# Exercise
From the first line to the last, copy the listing exactly and omit the images.

# Supplied information
·····

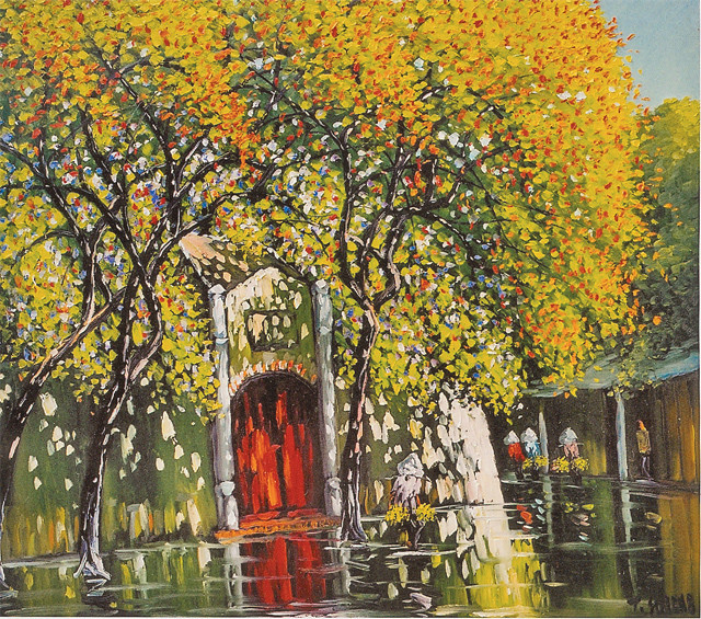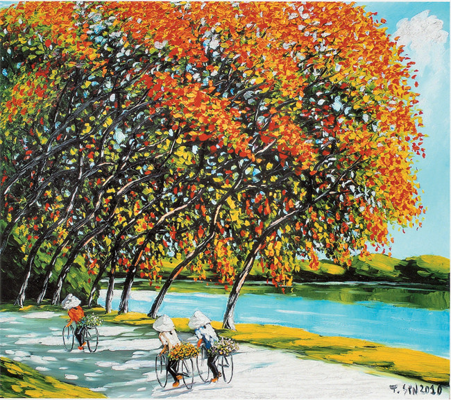 2. Tôi ngắm nhìn những vạt hoa tím trải dài trong bức tranh xế bên trái tường, đối ngược với bức tranh ngay trước mắt tôi, một góc thẳng đứng và hồng rực cả cây hoa không thể đặt tên, rủ xuống một mái cổng lợp lá giữa con dốc nhỏ, cảnh huống có lẽ chỉ có trong tưởng tượng của cô gái trẻ về một không gian gợi cảm giác hạnh phúc. Vạt hoa tím kia có chút gì đó mang tính điện ảnh, giống với nhiều bức tranh thường thấy của Lê Thanh Sơn. “Đúng là tranh của tôi ít nhiều có chất xi-nê, khiến nó khác tranh của nhiều người.”
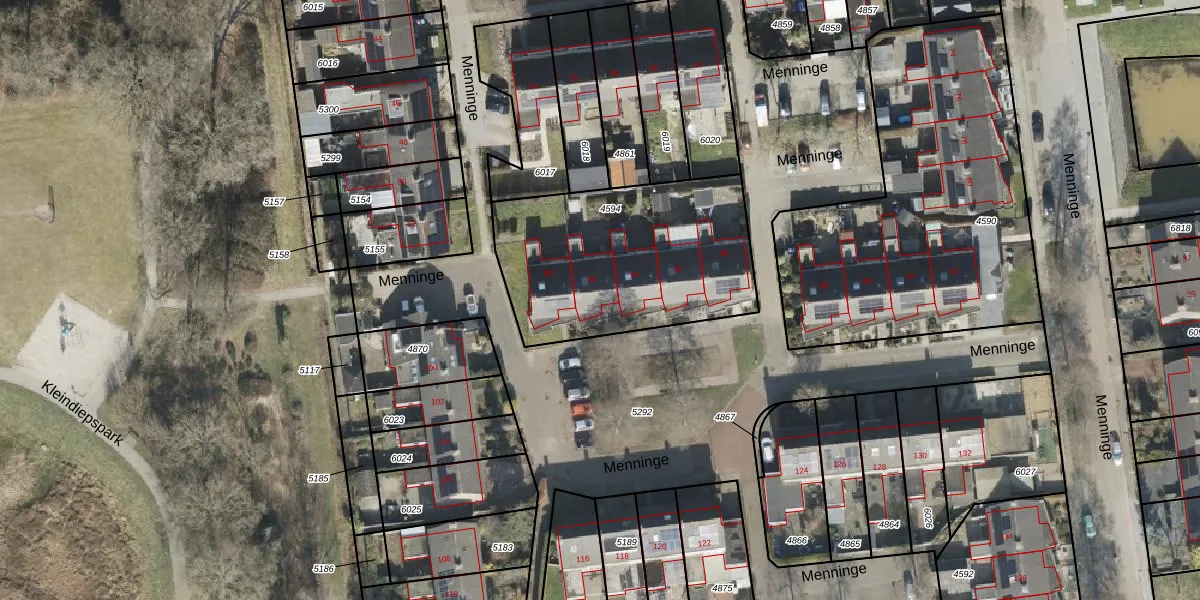 Het perceel waarop Menninge 96 staat heeft een oppervlakte van 993 m². Dit is een groot perceel. De perceeloppervlakte wordt geregistreerd door het Kadaster. Gedetailleerde informatie over de maten van dit perceel kunt u vinden in het rapport Kadastrale kaart met maatvoering van Menninge 96.
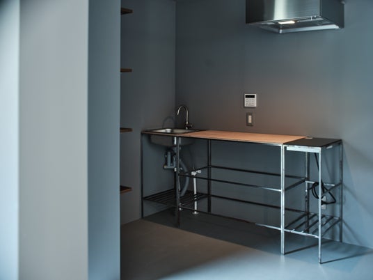 造作のキッチン。カウンターとコンロ部分は可動式なので、使用用途によってレイアウトの変更も可能

·····

# Solution
 2. Tôi ngắm nhìn những vạt hoa tím trải dài trong bức tranh xế bên trái tường, đối ngược với bức tranh ngay trước mắt tôi, một góc thẳng đứng và hồng rực cả cây hoa không thể đặt tên, rủ xuống một mái cổng lợp lá giữa con dốc nhỏ, cảnh huống có lẽ chỉ có trong tưởng tượng của cô gái trẻ về một không gian gợi cảm giác hạnh phúc. Vạt hoa tím kia có chút gì đó mang tính điện ảnh, giống với nhiều bức tranh thường thấy của Lê Thanh Sơn. “Đúng là tranh của tôi ít nhiều có chất xi-nê, khiến nó khác tranh của nhiều người.”
 Het perceel waarop Menninge 96 staat heeft een oppervlakte van 993 m². Dit is een groot perceel. De perceeloppervlakte wordt geregistreerd door het Kadaster. Gedetailleerde informatie over de maten van dit perceel kunt u vinden in het rapport Kadastrale kaart met maatvoering van Menninge 96.
 造作のキッチン。カウンターとコンロ部分は可動式なので、使用用途によってレイアウトの変更も可能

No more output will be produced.